Protesters have also shaken the Islamic populism of Turkish Prime Minister Recep Tayyip Erdogan. He has been an “authoritarian rock star,” in the words William Dobson, the author of “The Dictator’s Learning Curve.” But even Erdogan triggered a backlash after years of squeezing the Turkish media, courts and military. “The shared experience of repression, combined with collective frustration at mounting top-down efforts to regulate public life ... brought citizens from different walks of life together” in Turkey, wrote Emiliano Alessandri, Nora Fisher Onar and Ozgur Unluhisarcikli on the Foreign Affairs website.
This new wave of activism in the Middle East isn’t pro- or anti-American. It’s something else ― a movement of empowered citizens who don’t want the old secular dictatorships of Hosni Mubarak’s era, and don’t want a new Islamic authoritarianism, either. This core of “people power” surfaced in the initial “Arab Spring” of 2011, but a chill developed as the Muslim Brotherhood gained control in Egypt, and chaos prevailed in Libya and Syria.

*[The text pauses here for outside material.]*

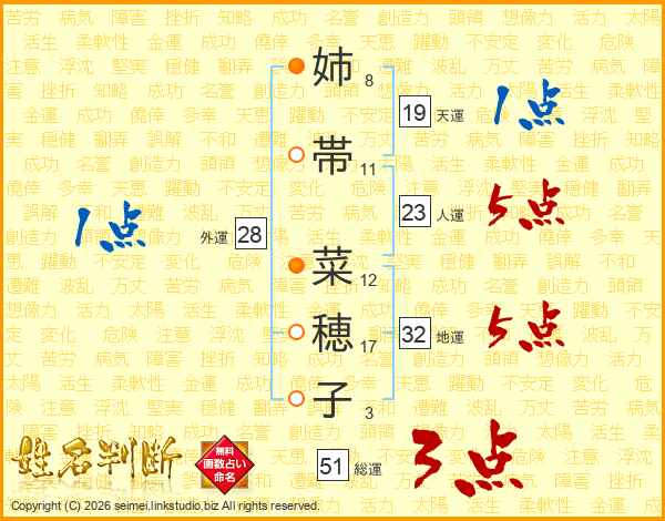 姉(8画)帯(11画) 菜(12画)穂(17画)子(3画)

Despite these setbacks, this week showed there is still a popular movement for democratic change that resists dictation from anyone.
“I have never seen anything like this, not even during February of 2011. This is a genuine popular movement, no organisation whatsoever,” tweeted Egyptian writer Bassem Sabry late Tuesday.
For U.S. officials, recent events are a reminder that the Middle East is still in the early stages of a long-running process of transformation. Morsi’s election in 2012 offered the Muslim Brotherhood a chance to show that it could govern Egypt effectively. It has flunked the test ― and the Egyptian military has lost patience with the failed experiment.
On America’s Independence Day, we celebrate the triumph of our democracy. But David McCullough reminds us in his book “1776” that in January of that revolutionary year, George Washington despaired that “few people know the predicament we are in.” It took America another 12 years to write and ratify a workable Constitution. In the Middle East, the convulsive democratic transition is just beginning.